Une étude montre que les anciennes coulées de lave du Piton de la Fournaise, à La Réunion, ont gardé la trace du déclin de certaines espèces d’arbres, en lien avec la disparition des animaux qui en dispersaient les graines.
L’île de La Réunion abrite le Piton de la Fournaise, l’un des volcans les plus actifs au monde, avec près de 240 éruptions depuis 1650. Dans une nouvelle étude, les scientifiques montrent que les cicatrices de ces éruptions peuvent aider à découvrir les conséquences de la colonisation humaine sur l’environnement insulaire, notamment la diminution des populations d’arbres à gros fruits comme le Sideroxylon borbonicum, connu localement sous le nom de bois de fer de Bourbon, et le Labourdonnaisia calophylloides, ou bois de natte à petites feuilles.
Les destins de la flore et de la faune sont liés. Les mammifères et les oiseaux contribuent à la dispersion des graines des plantes ; dont le choix et la distance de transport varient selon les animaux. Le plus grand mangeur de fruits qui habite aujourd’hui l’île est le bulbul de Bourbon (Hypsipetes borbonicus), un oiseau mille fois plus petit que certains des animaux qui parcouraient autrefois La Réunion, telle que la tortue géante, chassée par les premiers colons jusqu’à l’extinction. Ainsi Le bulbul ne peut pas se nourrir des fruits que la tortue pouvait manger; il ne peut ingérer que des graines de moins de 13 mm.
Sébastien Albert et ses collègues de l’Université de La Réunion ont cherché à savoir si le déclin du bois de fer de Bourbon et du bois de natte à petites feuilles, de gros arbres, pouvaient être liés à la disparition de gros animaux comme la tortue géante ou le Mascarin de la Réunion, un perroquet autrefois endémique de l’île. Le Piton de la Fournaise s’est alors avéré providentiel. Une coulée de lave d’une éruption volcanique est une perturbation majeure pour tout écosystème ; elle fait table rase de la végétation et laisse une surface nue qui est ensuite recolonisée par les plantes par vagues successives.
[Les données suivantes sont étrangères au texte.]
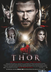 Der Film Thor setzt nach einem kleinen Ausflug in die Vorgeschichte bei der Krönungsfeierlichkeit für Thor (Chris Hemsworth) ein, der seinem Vater Odin (Anthony Hopkins) auf den Thron folgen soll. Die Zeremonie wird durch einen Affront von Soldaten des Erzfeindes Laufey (Colm Feore) gestört. Odin reagiert gelassen, aber Thors ungezügeltes Temperament verleitet ihn zu einem Gegenschlag. Um den Frieden nicht zu gefährden, bestraft Odin seinen Sohn. Er beraubt ihn seiner magischen Kräfte und verbannt ihn auf den aus seiner Sicht minderwertigen Planeten Midgard, auch unter dem Namen Erde bekannt. Dort fällt er der Astrophysikern Jane Foster (Natalie Portman) und ihrem Mentor, dem Forscher Professor Andrews (Stellan Skarsgard), buchstäblich vors Auto. In seinem väterlichen Zorn hat Odin Thors Hammer gleich mit auf die Erde geworfen. Aber der ist so tief in einem Stein versenkt, dass Thor ihn erst befreien können wird, wenn er seine Lektion gelernt hat. Das ist das besondere an diesem Superhelden, der in diesem Moment ja keiner mehr ist. Er muss sich mit seinen eigenen physischen und mentalen Kräften begnügen und seine Überheblichkeit und sein Ungestüm zügeln lernen. Erst wenn er Selbstbeherrschung, Umsicht und Einsichtsfähigkeit gelernt hat, wird er in der Lage sein, das himmlische Königreich Asgard nach göttlichen Regeln und zum Wohle aller zu regieren. Hier wird ein Gott also in eine menschliche Lage versetzt, was recht amüsant inszeniert ist.

En étudiant comment les communautés végétales se sont rétablies après chaque éruption, les chercheurs ont réalisé que les espèces végétales à grandes graines ne se rétablissaient pas complètement car la faune associée avait changé depuis l’éruption précédente. « Nous avons analysé 151 relevés de végétation sur des coulées de lave datant entre 1401 et 1956 après J.-C.« , écrivent les auteurs de l’article. Le suivi de l’évolution de la végétation sur cinq siècles « a permis de mettre en évidence le rôle important que ces animaux perdus ont joué pour ces forêts« . Les scientifiques affirment ainsi que c’est lorsque les animaux les plus aptes à disperser leurs grosses graines ont disparu, que les arbres comme le bois de fer de Bourbon ont également commencé à s’effacer du paysage.